Print Recipe
Eggplant Parmesan Soup
 
recipe image
Prep Time: 10 Minutes
Cook Time: 35 Minutes
Ready In: 45 Minutes
Servings: 4
This is a really good recipe from Whole Foods Market for a really good Eggplant Parnesan in another form, a soup. Very hearty and delicous.
Ingredients:
2 lbs eggplants, cut in half lengthwise
2 tablespoons extra virgin olive oil, plus extra for the baking sheet
1 medium onion, chopped
3 garlic cloves, minced
28 ounces crushed tomatoes with basil
3 cups water
1/2 teaspoon kosher salt
3/4 cup parmigiano-reggiano cheese, grated
crouton
basil
Directions:
1. Preheat oven to 450 degrees Fahrenheit.
2. Place eggplants cut side down on a lightly oiled foil lined baking sheet.

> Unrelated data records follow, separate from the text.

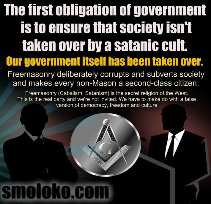 Secret Societies run the world from behind the scenes. Free Masonry was inflitrated by the Illuminati in the 1700’s and corrupted. 99% of Free Mason’s do not have a clue!
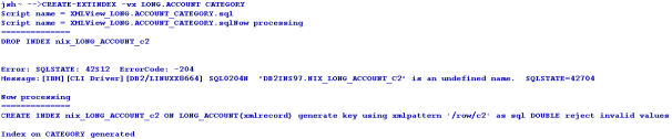 The following screen capture shows an example of index creation on a long tag xml table. It is similar to creating indexes for normal files.
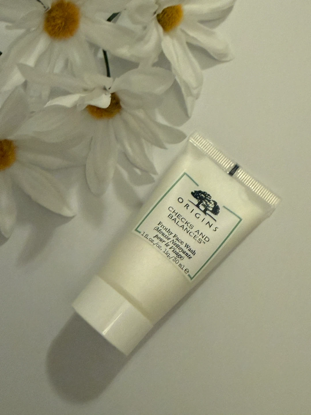 Origins Checks and Balances Frothy Face Wash. This travel-size cleanser is 1 fl. oz. or 30 ml. It's designed to help balance your skin.
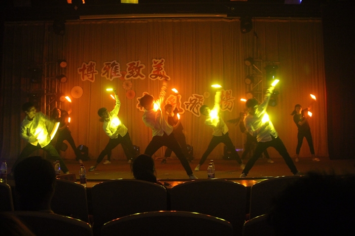 晚会在街舞协会的《Havana&bboom》热舞中拉开帷幕。随后,动漫协会的《将近酒 舞蹈》表演,绚丽的动作,精妙绝伦的表演,让人赏心悦目;魔方协会带来的《分解复原》带领观众玩转魔方,让人眼前一亮;青露协会的《荧光舞》让在场师生感受了神奇的视觉盛宴。
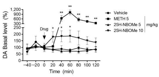 The dopamine (DA) levels in the striatum after i.p. administration of vehicle (saline), METH (5 mg/kg), and 25H-NBOMe (5 and 10 mg/kg). The black arrow indicates when the drug is administered. Data are expressed as mean ± SEM (n = 3–4 each group). * p < 0.05, ** p < 0.01 vs. vehicle, determined by a two-way ANOVA followed by Dunnett’s post-hoc test.
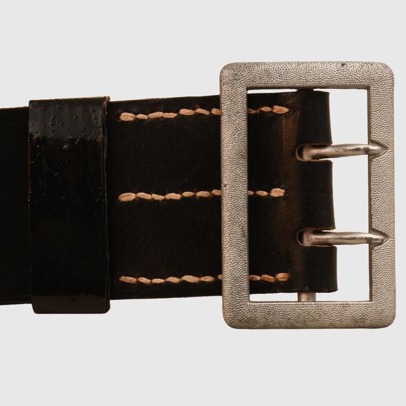 A very large size army officers belt in black, the wide belts are normally associated with political or Luftwaffe officers, the black ones normally encountered are the narrower form, this is an unusual wide army officers belt. Maker marked ‘Gottlob Kurtz of Weisbaden. Nice white stitching, complete with its single runner.
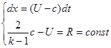 (11.15) , где С –скорость звука в газе (уравнение 11.15 нельзя записать в конечном виде т.к. "U" и "c" могут быть функциями "x" и"t" ).
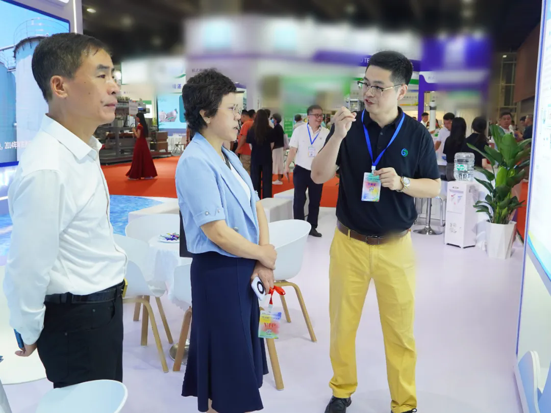 展會(huì)現(xiàn)場(chǎng),廣東省生態(tài)環(huán)境廳二級(jí)巡視員許金洲,廣州市生態(tài)環(huán)境局番禺分局黨組書記、局長(zhǎng)朱素琴,廣州市生態(tài)環(huán)境局番禺分局四級(jí)調(diào)研員楊曉波等領(lǐng)導(dǎo)先后親臨鵬凱環(huán)境展臺(tái)參觀指導(dǎo),鵬凱環(huán)境董事長(zhǎng)兼總裁王國(guó)彬,鵬凱環(huán)境集團(tuán)研究院副院長(zhǎng)、正高級(jí)工程師朱梟強(qiáng)熱情接待并就我司創(chuàng)新技術(shù)及發(fā)展成果作詳細(xì)匯報(bào)。巡館領(lǐng)導(dǎo)一行對(duì)我司在環(huán)境保護(hù)領(lǐng)域的積極探索與顯著成就給予高度肯定,鼓勵(lì)我司進(jìn)一步發(fā)揮科技創(chuàng)新優(yōu)勢(shì),加速發(fā)展新質(zhì)生產(chǎn)力,積極響應(yīng)國(guó)家綠色發(fā)展戰(zhàn)略,為推動(dòng)我國(guó)環(huán)保產(chǎn)業(yè)轉(zhuǎn)型升級(jí),助力美麗中國(guó)建設(shè)增添綠色動(dòng)力。
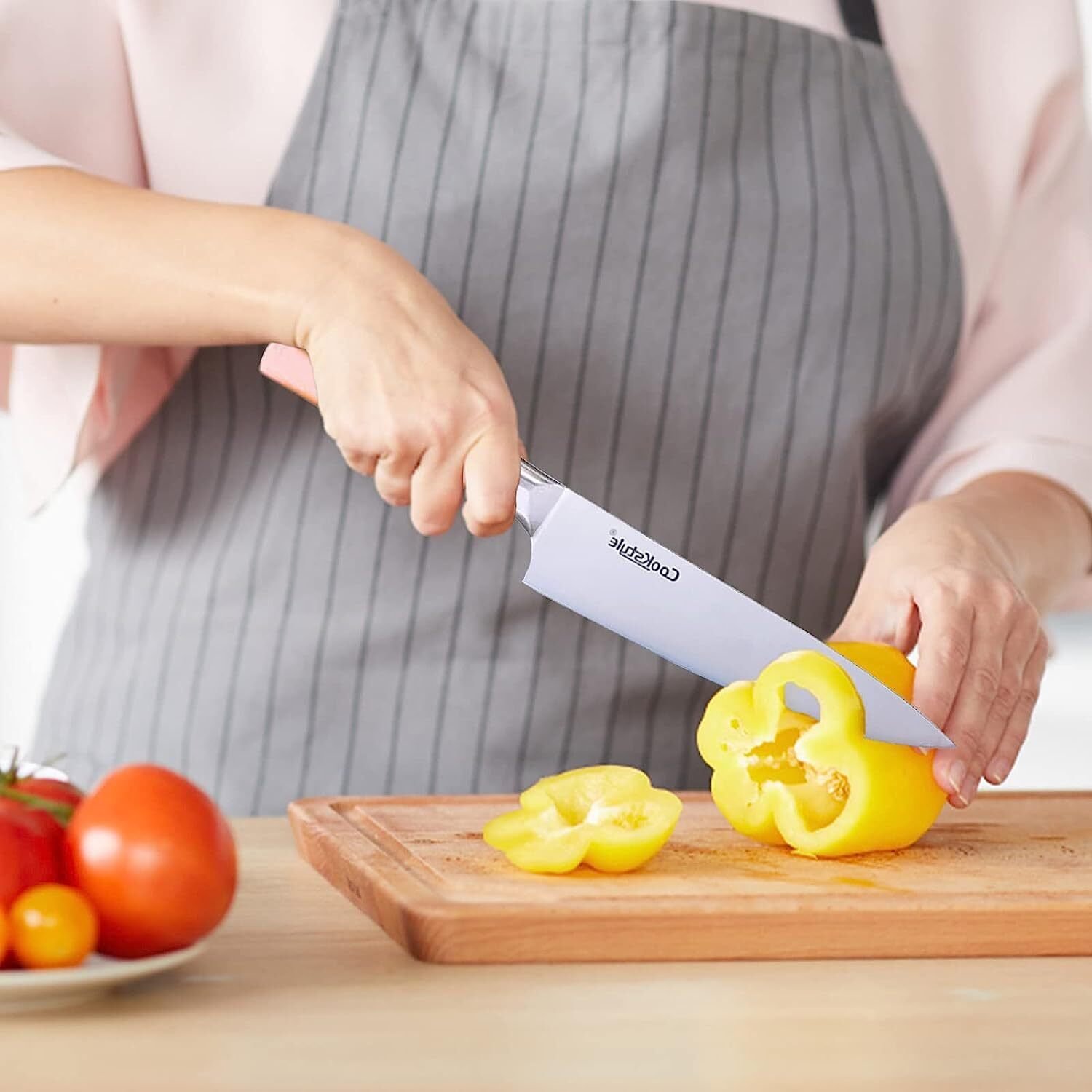 This set of rose gold kitchen knife set, which combines practicality and design, is an ideal choice whether it is bought for personal use or used as a gift,
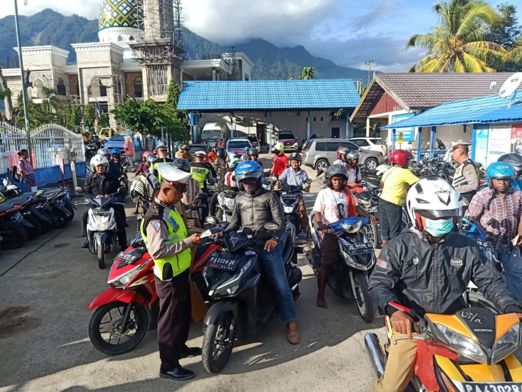 Dilanjutkan dengan razia dengan sasaran roda dua yang berlangsung di depan kantor Satuan Lalu Lintas tepatnya di jalan raya Sentani depan Masjid Al Aqsa yang dipimpjn KBO Lantas Polres Jayapura Aiptu Ramlan Jaya bersama anggota Lantas.
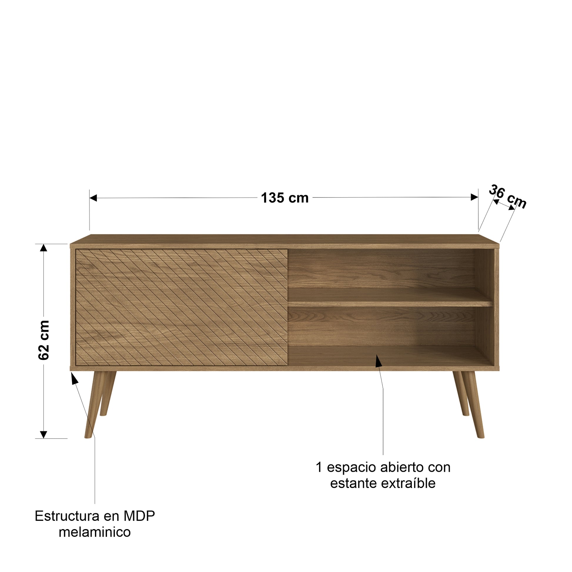 Este Rack es ideal para instalarlo en tu sala de estar, sala de estar o incluso en tu dormitorio, es un rack ideal para todo tipo de espacio, además de ser un elemento indispensable para acomodar y organizar dispositivos tecnológicos que hay siempre en el hogar, ya sea el televisor, los decodificadores, consolas de juego, o parlantes, etc.. es por eso que nuestro rack cuenta con divisiones para aportar
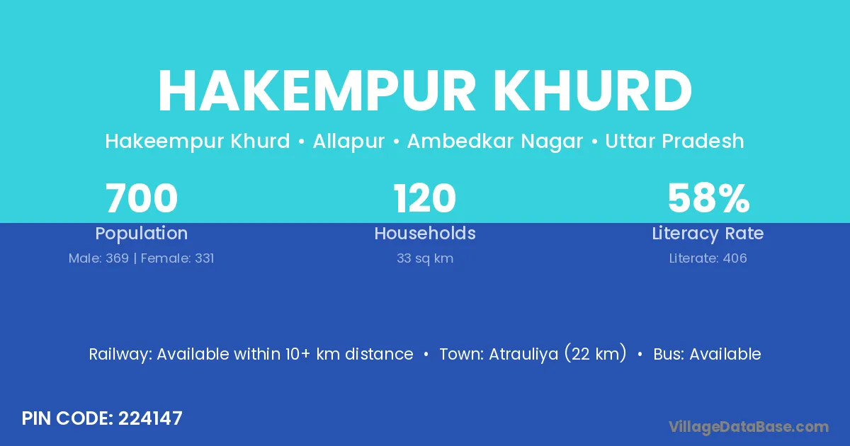 Atrauliya (22 km) is the nearest town to Hakempur Khurd village for major economic activities and is located approximately 22 km away.
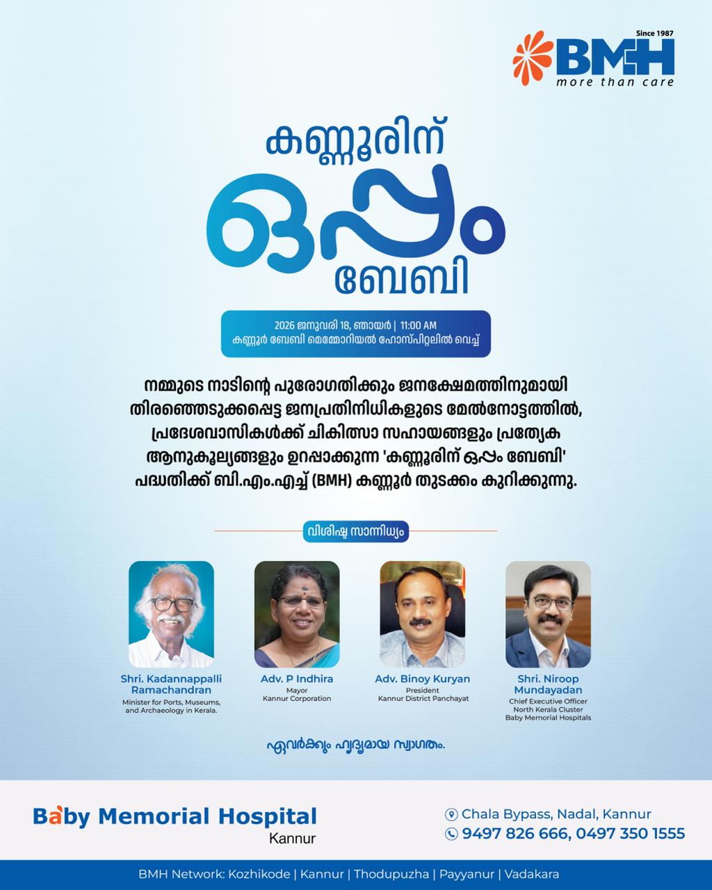 Baby Memorial Hospital (BMH), Kannur, has officially launched "Kannurin Oppam Baby," a flagship community outreach program designed to bring quality healthcare closer to the people of Kannur. The initiative was inaugurated by Shri. Kadannappalli Ramachandran, Hon. Minister for Ports, Museums, and Archaeology.
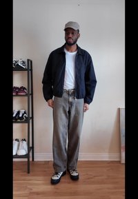 • Άνδρας με καπέλο, σκούρο μπουφάν, λευκό πουκάμισο, γκρι φαρδιά τζιν και αθλητικά παπούτσια στέκεται με σταυρωμένα χέρια κοντά σε ράφι με παπούτσια και αφηρημένο ζωγραφικό έργο.
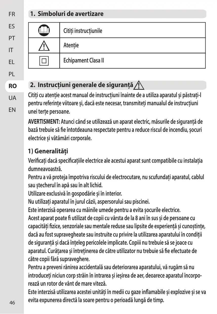 Pour éviter toute blessure accidentelle ou tout dommage à l'appareil, n'insérez aucun corps étranger dans l'entrée et la sortie d'air, car l'appareil est équipé d'un rotor à
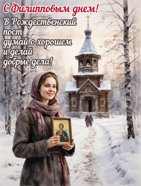 Скачайте бесплатно открытки из этого набора, они подходят не только для поздравления с Филипповым днем и началом Рождественского поста. Есть и те, что можно отправить в любой момент, чтобы напомнить друзтям и родным о важности укрепления веры. Все 40 дней поста верующие читают утренние и вечерние молитвы, чтобы очистить душу и подготовиться к исповеди и причастию перед Рождеством.

3. until it is very tender and lightly on top and and bottom, about 45 minutes.
4. Mean while heat olive oil in a large Dutch oven over medium heat.
5. Add onion and saute for 5 minutes.
6. Add garlic and cook for 1 more minute.
7. Scoop eggplant flesh from the skins, discard skins.
8. Chop flesh roughly and to the pan with the tomatoes, water, and salt.
9. Bring to a boil over medium heat.
10. Reduce heat to low, cover and simmer 20 minutes, stirring occasionally.
11. Top each serving with 2 tablespoons of Parmigiano Reggiano, croutons and basil.4.